Things They Said to Jesus

Week Two

David Collins

July 7,2024



Today is our second week in our series, “Things They Said to Jesus”, and today’s is a really good one. We’re going to look at someone who changed Jesus’ mind and altered the course of his ministry. I got to warn you though, this passage doesn’t make Jesus look great. But it does show his humanity, and it teaches us something about what it means to be human, too.


First, some context, because that’s always important when we’re looking at anything in the Bible. Here’s where we find Jesus in the Gospel of Mark.


Jesus had been ministering around the Sea of Galilee, performing miracles and teaching crowds of people. His fame had spread far and wide, and he had just finished a contentious debate with the Pharisees about what makes a person clean or unclean. He emphasized that it’s not what goes into a person that defiles them, but what comes out from their heart.


Now, Jesus seeks some solitude. So he takes a little trip into Gentile country.


Mark 7:24-30

24 From there he set out and went away to the region of Tyre. He entered a house and did not want anyone to know he was there. Yet he could not escape notice, 25 but a woman whose little daughter had an unclean spirit immediately heard about him, and she came and bowed down at his feet. 26 Now the woman was a Gentile, of Syrophoenician origin. She begged him to cast the demon out of her daughter.

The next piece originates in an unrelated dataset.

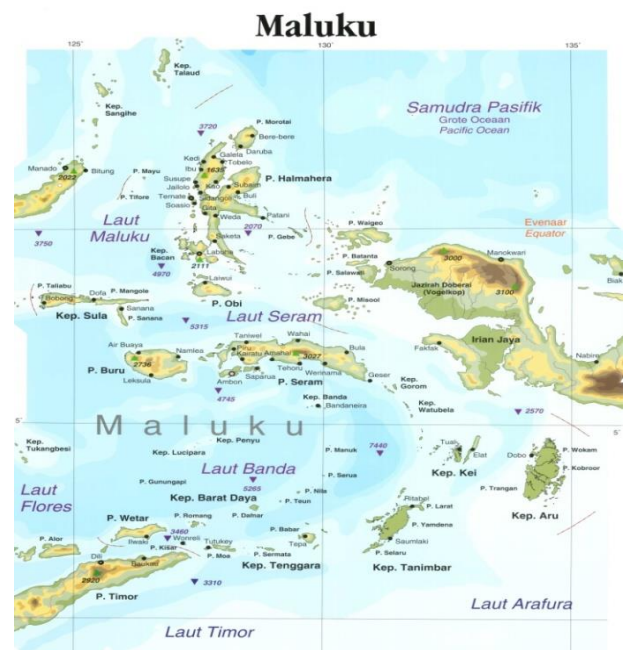
Figuur. Topografische kaart Oost Indonesië.

Het lukt de provinciale overheid op Molukken 4 nog steeds niet om de complexe problemen 5 van kwetsbare groepen in de samenleving aan te pakken. Ze missen de vereiste kennis en expertise om complexe problemen te onderzoeken, oplossingen daarvoor te bedenken, en deze in een beleid om de regio op een duurzame wijze te ontwikkelen om te zetten. Lokale gemeenschappen krijgen daarom vaak van hun bestuurders te horen, dat er geen geld is als zij met plannen komen om hun leefomstandigheden te verbeteren. Om de plannen toch te kunnen realiseren wordt daarom regelmatig een beroep gedaan op individuen of kumpulans in Nederland om te helpen. Daarbij gaat het

Now, I already told you that this passage doesn’t make Jesus look great at first. And it’s not just because he’s tired and wants a break. It’s because as a real human being, he is a product of his time and place. That is a part of what it means to be human.


We’d all like to think that’s not the case about us, right? But if it’s true for Jesus, it’s definitely true for us. We are social creatures. We are formed by the cultures, communities, and times we live in. Our beliefs, behaviors, and biases are shaped by our surroundings. So, when Jesus responds to the Gentile woman with a harsh remark, it’s a reflection of the deeply ingrained cultural boundaries of his day.


27 He said to her, ‘Let the children be fed first, for it is not fair to take the children’s food and throw it to the dogs.’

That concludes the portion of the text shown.